Der Beginn des Jahrzehnts stand ganz im Zeichen der 16-Bit-Konsolen: Segas Mega Drive und das Super Nintendo Entertainment System ermöglichten Spielern Zugriff auf technisch hochwertigere Videospiele. Auf Nintendos Konsole zählte beispielsweise Super Mario World mit über 20 Millionen verkauften Einheiten zu den erfolgreichsten Titeln – und bahnte dem damaligen Nischen-Phänomen der Videospiele den Weg in die Wohn- und Kinderzimmer einer immer größer werdenden Bevölkerungsschicht.

Sonys PlayStation erobert das Wohnzimmer

Sony PlayStation1995 ermöglichte dann die PlayStation einen der größten Technologiesprünge der Videospielgeschichte: Durch den Einsatz aktueller 3D-Hardware konnte die Konsole neben klassischen 2D-Spielen auch eindrucksvolle 3D-Grafik darstellen. Diese aufwändigeren 3D-Spiele benötigten allerdings mehr Programmdaten als üblich – diesem Problem nahm sich Sony an, indem sie die CD als optisches Medium für PlayStation-Spiele verwendeten.
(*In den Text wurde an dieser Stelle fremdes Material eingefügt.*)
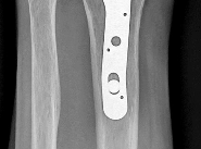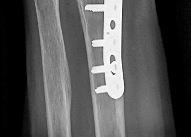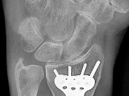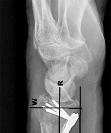 at which flexor tendons are most closely opposed to the distal radius (Figure 4). In this scenario, the lateral radiograph shows that the plate is not distal to the watershed line (W) and is between the critical line (C) and the line parallel to the volar cortex of the radius (R). This is the optimal position for the plate. Placement of a volar locking plate distal to the watershed line of the distal radius and excessive plate prominence has been associated with FPL tendon rupture. This patient is only 2 weeks past surgery and there is some FPL function. FPL weakness after volar distal radius plating is common and has been seen in as many as 50% of patients. This usually recovers spontaneously by 2 months, and no treatment is needed. A nerve conduction study would be indicated if an anterior interosseous nerve compression were considered, but it is too early for this test. A CT scan could be obtained to judge the alignment of the fracture fragment and position of the screws, but it is not indicated in this case. Exploration could be performed if an FPL rupture were considered, but, because it is only 2 weeks after surgery, there is some FPL function, the plate is proximal to the watershed line, and immediate exploration is not indicated. If this does not improve after 2 to 3 months, further investigation with ultrasound or MRI would be indicated.

Auf diese Weise konnten sowohl umfangreiche Videosequenzen wie auch Musikstücke in Spiele integriert werden – ein Prinzip, das auch heute noch Gültigkeit besitzt. Durch immer aufwändigere 3D-Spiele legte die PlayStation als Plattform damals die Grundlage für einen Trend, der selbst heute noch aktuell ist: die zunehmende Inszenierung der Handlung von Videospielen, wie auch in TV- und Kinofilmen. Nintendo und Sega zogen mit eigenen Konsolen nach, den Erfolg der PlayStation erreichten beide Konsolen jedoch nicht.

Auf dem PC erschienen parallel dazu die ersten populären über LAN oder das Internet spielbaren Multiplayer-Spiele, wie beispielsweise Command & Conquer, bei denen mehrere Spieler mit- und gegeneinander antreten konnten – ganz wie bei Videospielkonsolen.

Das Potenzial der Vernetzung von Konsolen erkannten damals übrigens schon einige Publisher: 1996 veröffentlichte beispielsweise SEGA NetLink für Saturn, mit dem man im Internet surfen und E-Mails schreiben konnte. Für den Super Nintendo gab es außerdem ein Zusatzgerät, mit dem man sogar Demoversionen und Informationen auf die Konsole herunterladen konnte – allerdings über Satellit.

Auch Segas Dreamcast, die 1998 erschien, beherrschte 3D-Grafik, las Spiele von CD und ließ durch ihr Modem sogar erste Online-Rollenspiele zu, die allerdings eher als reizvolle technologische Speerspitze ein Nischenprodukt blieben. Erst in den 2000er-Jahren sollte sich dieses Genre weiter verbreiten.

Im nächsten Teil der Beitragsreihe zur Geschichte der Videospiele befasse ich mich mit der neuen Konsolengeneration rund um das Jahr 2000.

Weitere Links zum Thema:

Web: Geschichte der Videospiele: Teil 1 – von Pong bis zum Atari 2600 (spielkultur.ea.de)

Web: Geschichte der Videospiele: Teil 2 – der erste Crash und die Weiterentwicklung der Industrie (spielkultur.ea.de)

Web: Spielgeschichte (biu-online.de)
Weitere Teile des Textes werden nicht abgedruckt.